Regular Expressions

Flashcard 9 of 10

Given the following sample text containing dates in "M/D/Y" format, how can we output the text including the day of the week like "Monday Aug 8".

The first battle was on 10/8/14, followed by additional skirmishes on 11/9/14 and 11/12/14.

We can use the gsub method on the string. gsub can be called with a regex and a block, with each match being yielded to the block where you can run arbitrary Ruby code on the match text to transform as needed.

require "date"

sample = <<-SAMPLE
The first battle was on 10/8/14,
followed by additional skirmishes
on 11/9/14 and 11/12/14.
SAMPLE

date_pattern = %r{\d+/\d+/\d+}

sample.gsub(date_pattern) do |date|
  Date.
    strptime(date, "%m/%d/%y").
    strftime("%A %b %-d")
end

The block first parses the date string, explicitly specifying the date format using strptime, then uses strftime to output the date in the preferred format.

This produces:

The first battle was on Wednesday Oct 8, followed by additional skirmishes on Sunday Nov 9 and Wednesday Nov 12.

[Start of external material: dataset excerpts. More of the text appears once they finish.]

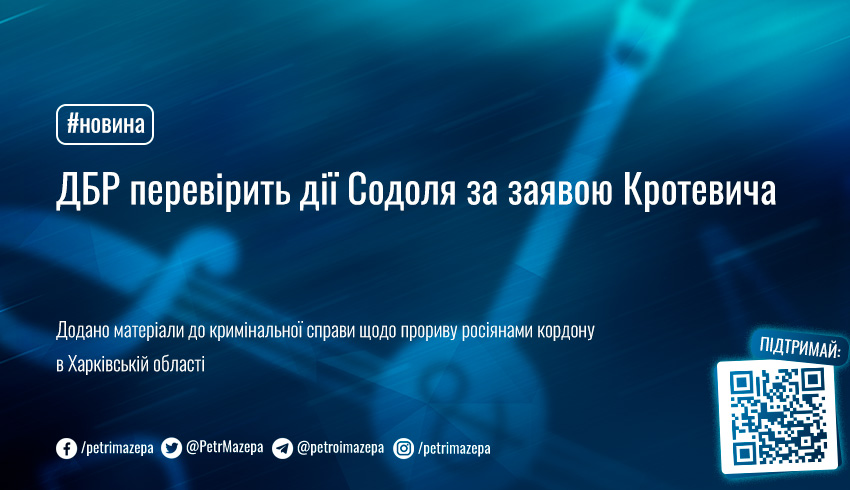 ДБР розглянуло заяву Кротевича щодо можливого перевищення повноважень і некомпетентного командування з боку Содоля. Додано матеріали до кримінальної справи щодо прориву російськими військами кордону в Харківській області, включаючи оцінку дій військового командування ОСУВ «Хортиця» під час оборонних операцій.
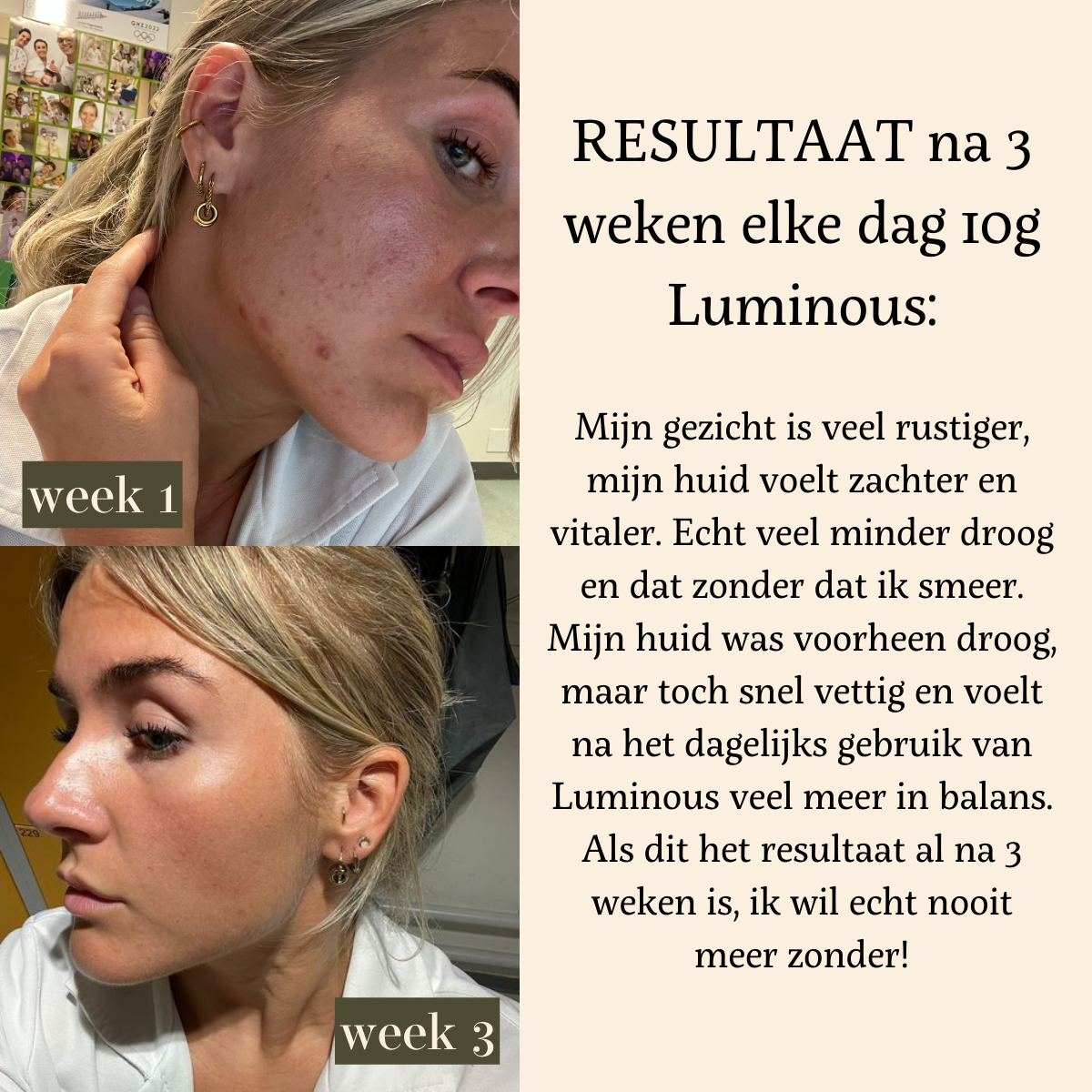 Ook kunnen de resultaten afhangen van leeftijd, hoe vaak je Luminous Beauty Shake gebruikt en in welke dosering, je voedingspatroon en levensstijl en eventuele onderliggende gezondheidskwesties.
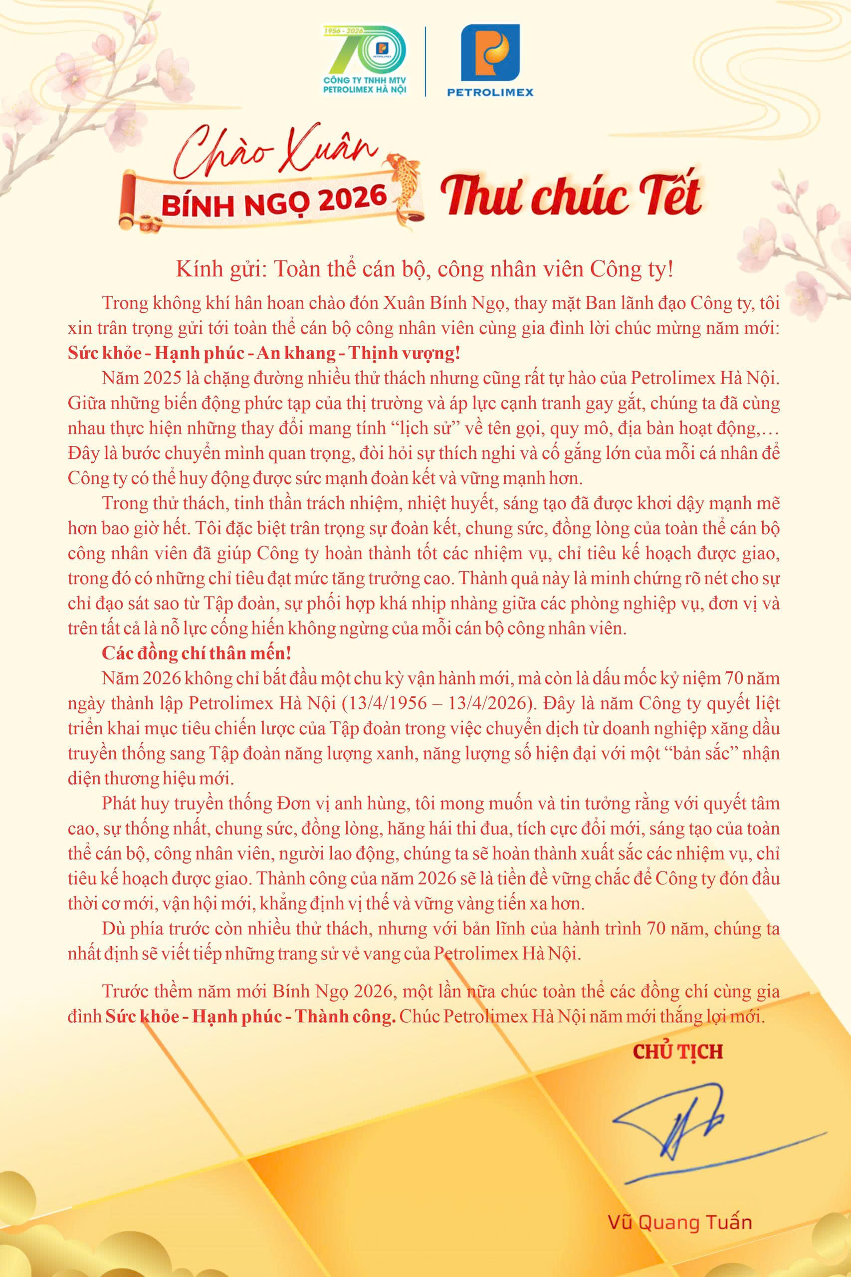 Thư Chúc Tết của Chủ tịch Công ty
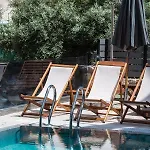 Gästerna kan ta ett dopp i en utomhusbassäng.
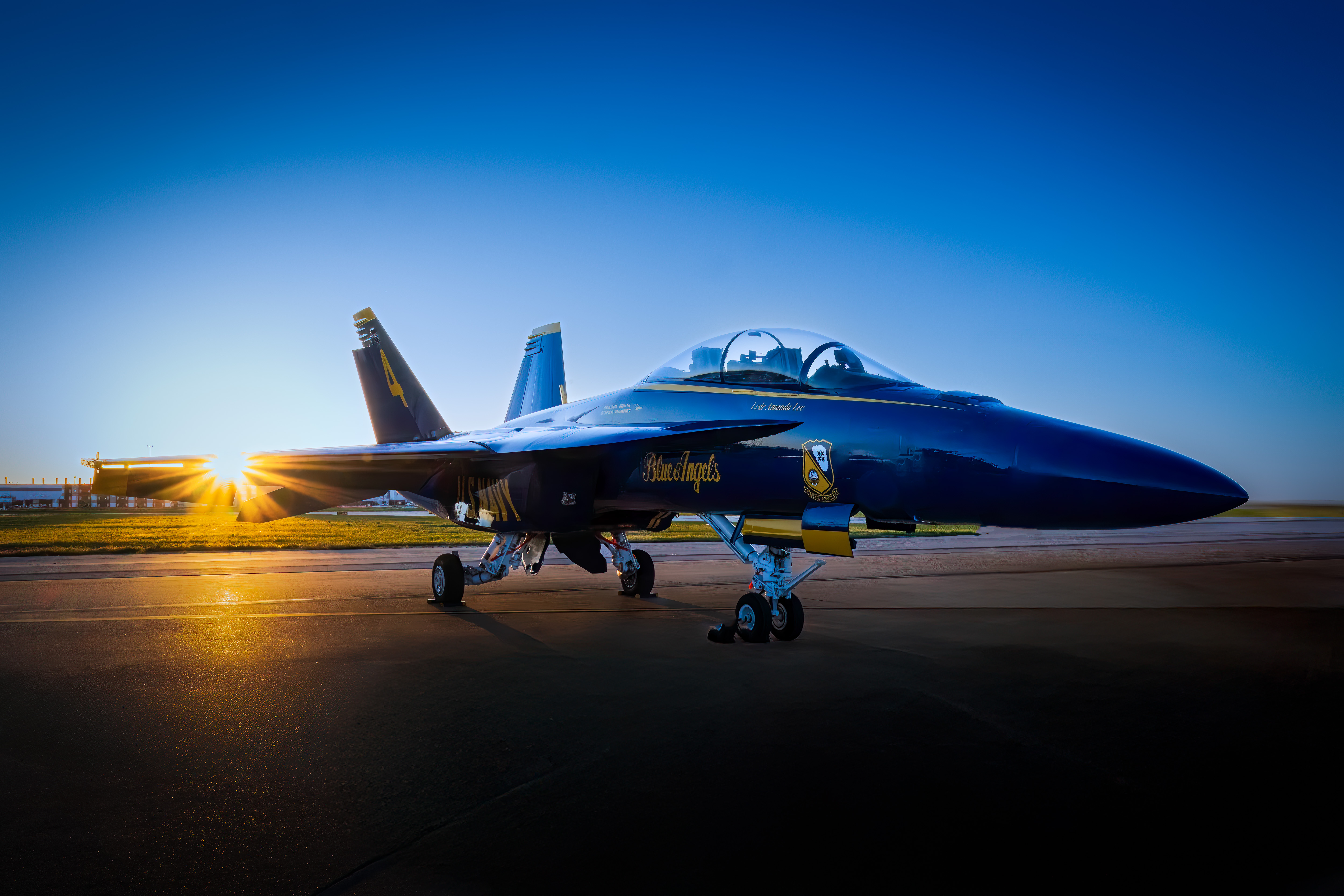 I received special access to the flight line at NAS JRB Fort Worth when the six Blue Angels F/A-18s were parked in a row the evening prior to their first performance in Fort Worth. It was exciting to have unfettered access to these aircraft for an hour during Golden Hour to shoot these magnificent aircraft at all angles. As the sun was descending in the sky, I was able to capture this sunburst off the wing of aircraft #4, piloted by LCDR Amanda Lee, the Blue Angels’ first female pilot. Post-processing in Lightroom, Photoshop, On1, Topaz, and Luminar

Check out the Weekly Iteration episode on Regex, specifically the section on using gsub with regex and a block for a more detailed summary.

Note: If you want to get really fancy, you can use the ActiveSupport date.day.ordinalize method to get dates like 2nd and 4th. Check out our Weekly Iteration episode on ActiveSupport for more on ActiveSupport.